SFT, DPO, RLHF: Picking the Right Fine-Tuning Strategy for Your LLM

End-to-end code for SFT, DPO, and RLHF fine-tuning with synthetic marketing data.

I've been spending a lot of time with Llama models at work lately, mostly prototyping, seeing where the edges are, getting a feel for what a mid-size open model can actually do in production. A few weeks ago, someone on the marketing team asked if we could get the model to write copy that sounds less like a robot and more like us. The kind of brand-specific voice that takes a human copywriter months to internalize. That question got stuck in my head.

Then December hit and things started winding down at work, the way they always do when half the company is already mentally on PTO. I flew out to France to spend the holidays with my parents, and somewhere between the jet lag and my mom's cooking, I found myself with actual uninterrupted thinking time for the first time in months. Long walks through the village, bad Wi-Fi that kept me off Slack, and a laptop I'd told myself I wouldn't open but obviously did. What follows is the result of that Christmas week exploration, fueled less by coffee and more by vin chaud.

1. Why Not Just Context Engineering?

The first thing I tried (and probably what you'd try too) was cramming everything into the prompt. System message with brand guidelines, a few examples of approved copy via few-shot, maybe RAG over a library of past campaigns. No training, no GPUs, ship it by Friday.

And honestly? For a single brand with a straightforward voice, this works fine. Here's the kind of prompt I was playing with:

https://gist.github.com/cmenguy/dd3cff44ef39441eae97c33b322422e3

Llama 3.1 8B does a decent job with this. You get something like "Cold feet aren't part of the plan." Not bad, sounds roughly on-brand. So why bother fine-tuning?

Three reasons kept pushing me past the prompt-engineering ceiling:

Context window budget. When you're serving 50 different brands, each with its own voice guidelines and example library, the prompt gets heavy fast. A 2,000-token brand context block times 50 brands means every request is burning tokens on instructions instead of thinking. Fine-tuning bakes the knowledge into the weights. The prompt stays lean, inference is cheaper, and latency drops.

Consistency at the margins. Prompting gets you 80% of the way there, but the last 20% is where brand voice actually lives. The subtle things (whether the brand uses Oxford commas, whether contractions are OK, whether humor is dry or playful) drift across generations with prompting alone. I ran 100 generations with the same prompt and kept seeing the model slip into its default "helpful assistant" voice on maybe 15-20% of them. After SFT on 500 brand-specific examples, that drop rate went to near zero.

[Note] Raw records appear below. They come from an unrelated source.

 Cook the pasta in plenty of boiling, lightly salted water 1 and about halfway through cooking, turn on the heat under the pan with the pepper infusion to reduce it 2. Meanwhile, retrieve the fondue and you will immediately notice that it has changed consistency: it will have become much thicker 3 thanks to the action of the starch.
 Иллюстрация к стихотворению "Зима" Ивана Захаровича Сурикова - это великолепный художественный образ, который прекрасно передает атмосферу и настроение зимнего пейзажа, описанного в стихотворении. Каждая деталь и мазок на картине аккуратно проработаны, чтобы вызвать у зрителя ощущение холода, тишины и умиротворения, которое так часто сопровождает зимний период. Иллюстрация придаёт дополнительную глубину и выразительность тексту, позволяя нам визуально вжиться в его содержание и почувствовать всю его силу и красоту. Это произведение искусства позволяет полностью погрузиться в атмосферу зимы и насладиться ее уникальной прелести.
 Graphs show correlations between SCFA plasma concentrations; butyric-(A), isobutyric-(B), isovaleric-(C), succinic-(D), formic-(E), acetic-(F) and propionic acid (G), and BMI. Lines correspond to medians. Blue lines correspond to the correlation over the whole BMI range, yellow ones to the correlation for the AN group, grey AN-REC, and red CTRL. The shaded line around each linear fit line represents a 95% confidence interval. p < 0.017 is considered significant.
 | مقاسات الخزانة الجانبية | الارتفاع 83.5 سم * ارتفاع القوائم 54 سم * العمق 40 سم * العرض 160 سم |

Preference capture. This is the big one. Prompting can tell a model what to write, but it can't teach it what's better. In marketing, you have A/B test data: version A got 3x the click-through rate of version B. That signal is gold, and there's no way to feed it into a prompt. You need DPO or RLHF to actually learn from preference pairs, and that requires training.

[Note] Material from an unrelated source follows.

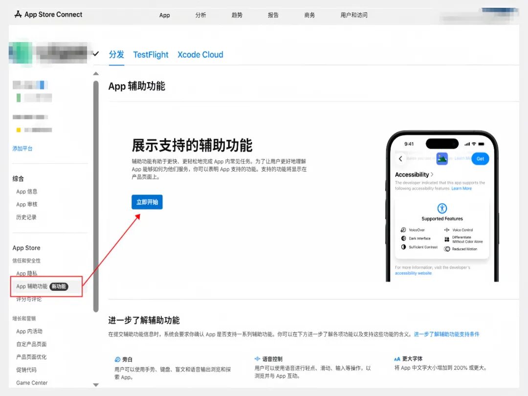 目前该功能Beta版已在App Store Connect上线,点击左侧菜单栏中的【App辅助功能】后,我们即可看到对于该功能的介绍。

So the rule of thumb I landed on: if you have one brand and simple requirements, prompt engineering is the right call. If you have many brands, need tight consistency, or have preference data you want to exploit, that's when fine-tuning starts paying for itself.

2. The Setup

Here's the scenario I keep coming back to. You're building an AI-powered marketing platform. Customers upload their brand guidelines, past campaigns, and tone-of-voice docs. They want the LLM to generate email subject lines, ad copy, social media posts, and product descriptions that are indistinguishable from what their in-house team would write.

This is a preference-heavy domain. "Good" marketing copy isn't just grammatically correct; it's persuasive, on-brand, and sometimes deliberately breaks rules for effect. That matters a lot for which fine-tuning approach you choose.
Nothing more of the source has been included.